Coding & Billing Audit
TD&P’s Coding and Billing Audit is a process that evaluates the reliability of clinical documentation provided during the discovery phase of litigation. We thoroughly review health records offered by providers on behalf of plaintiffs and assess the submitted medical billing data. This ensures that the providers offer reliable records that both plaintiff and defense counsels can rely on and that the referenced treatments meet Evidence-Based Medicine Standards.
During a Coding and Billing Audit, TD&P’s team collects clinical records such as medical records, x-rays, and lab reports, along with financial records, including entered charges, explanation of benefits (EOBs), and accounts receivable ledger, as required.
Coding and Billing Audits can be conducted at any time during the discovery phase and are beneficial for litigators to ensure the Medical Necessity of identified or received care.
Medical Billing Audits cover various aspects of the billing life cycle, including insurance verification processes, ICD-10-CM and CPT coding, claim submission, payment posting, follow-up, and denial management processes.
Billing Audits help identify coding problems during litigation or before challenges from the government or insurance payors.
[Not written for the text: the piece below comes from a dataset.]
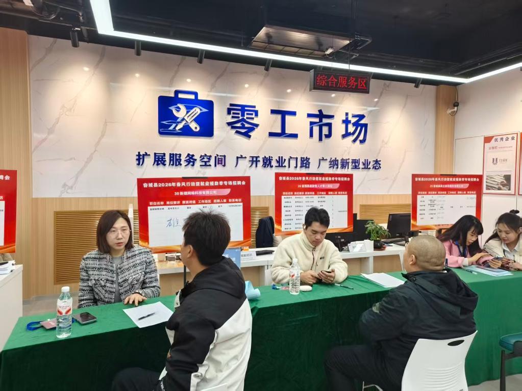 回遷居民在容東零工市場(chǎng)舉辦的專場(chǎng)招聘會(huì)上咨詢崗位情況(2026年3月攝)。(受訪者供圖)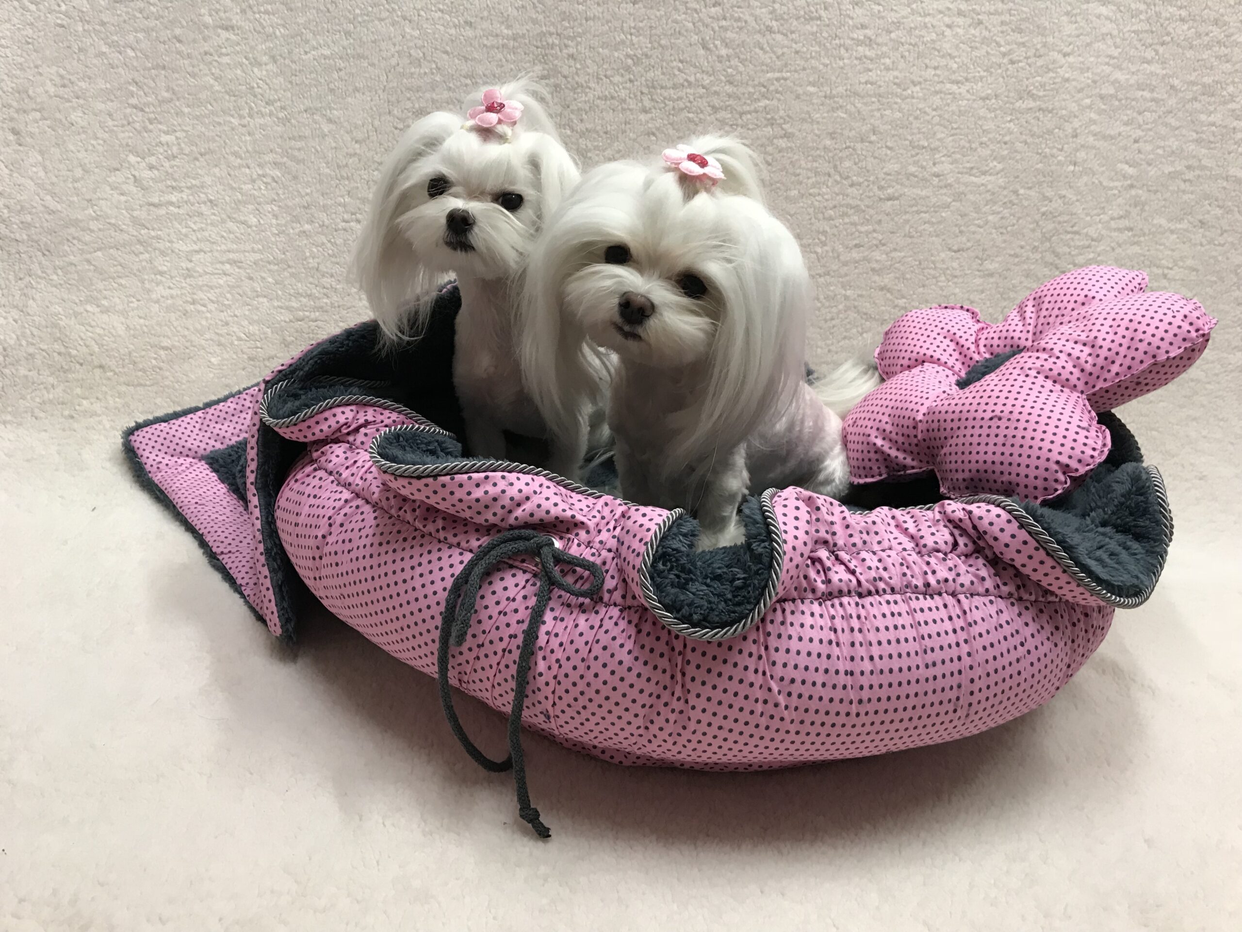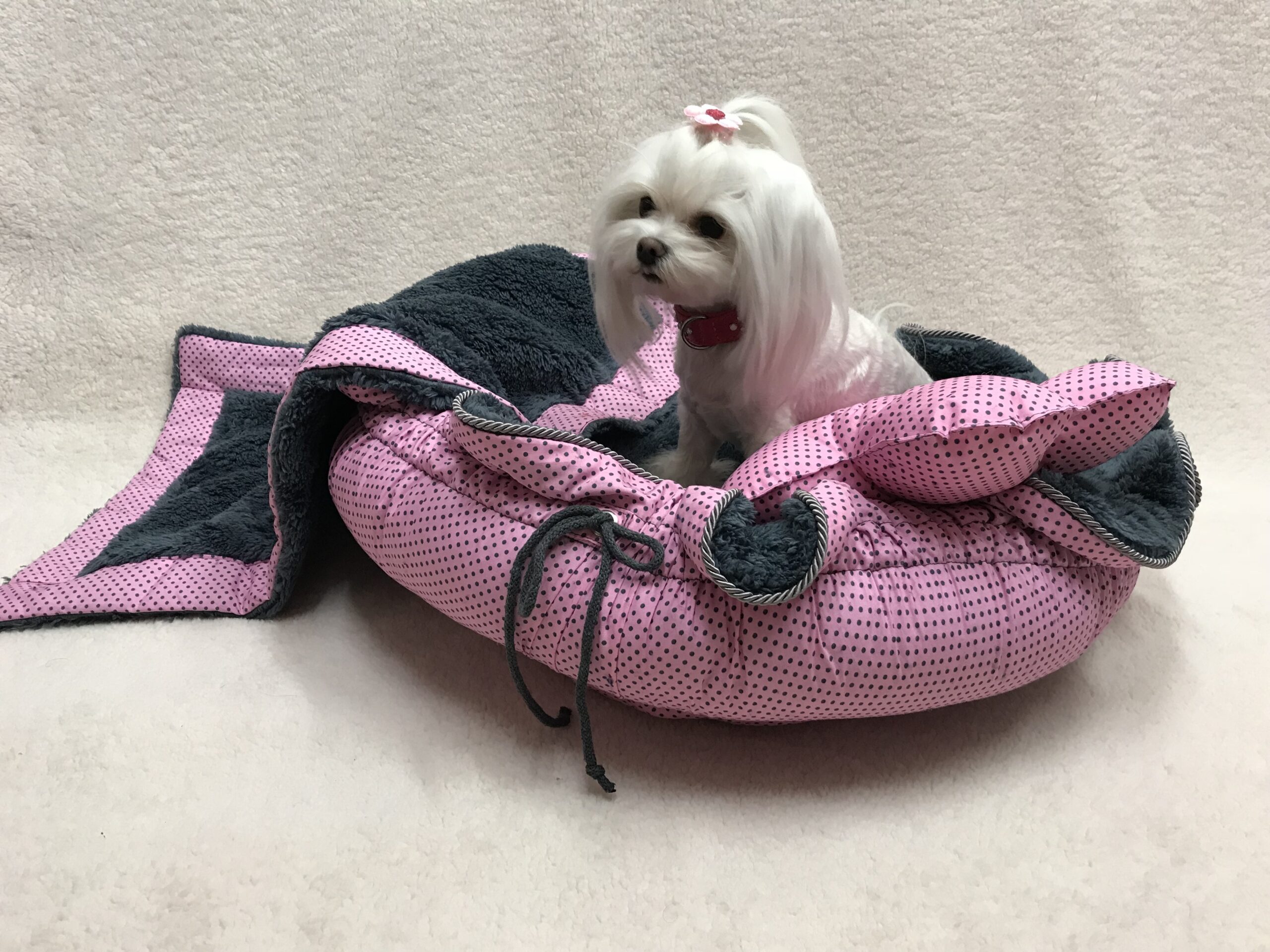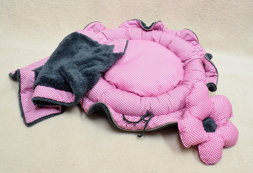 Sie bekommen das hübsche Bett inklusive passendem gratis Kissen in Form einer Blume und eine passende doppelseitige Hundedecke zum kuscheln.

TD&P’s audits are crucial for identifying inaccuracies that affect proper reimbursement. Our audit team safeguards the value of cases for plaintiffs and defense counsels.
Medical Billing Audits assist the litigation team in confirming the accuracy of claims presented by plaintiffs and ensuring proper presentation to counsel. Audits help avoid unnecessary frustrations and identify improper unbundling and coding practices early in the discovery process. TD&P auditors protect the viability of cases long before they go before a jury.
Through audits, counsels can identify fraudulent billing activity and claims, as well as discover reimbursement deficiencies and deviations from industry standards in the treatment of medical conditions that may impact their case.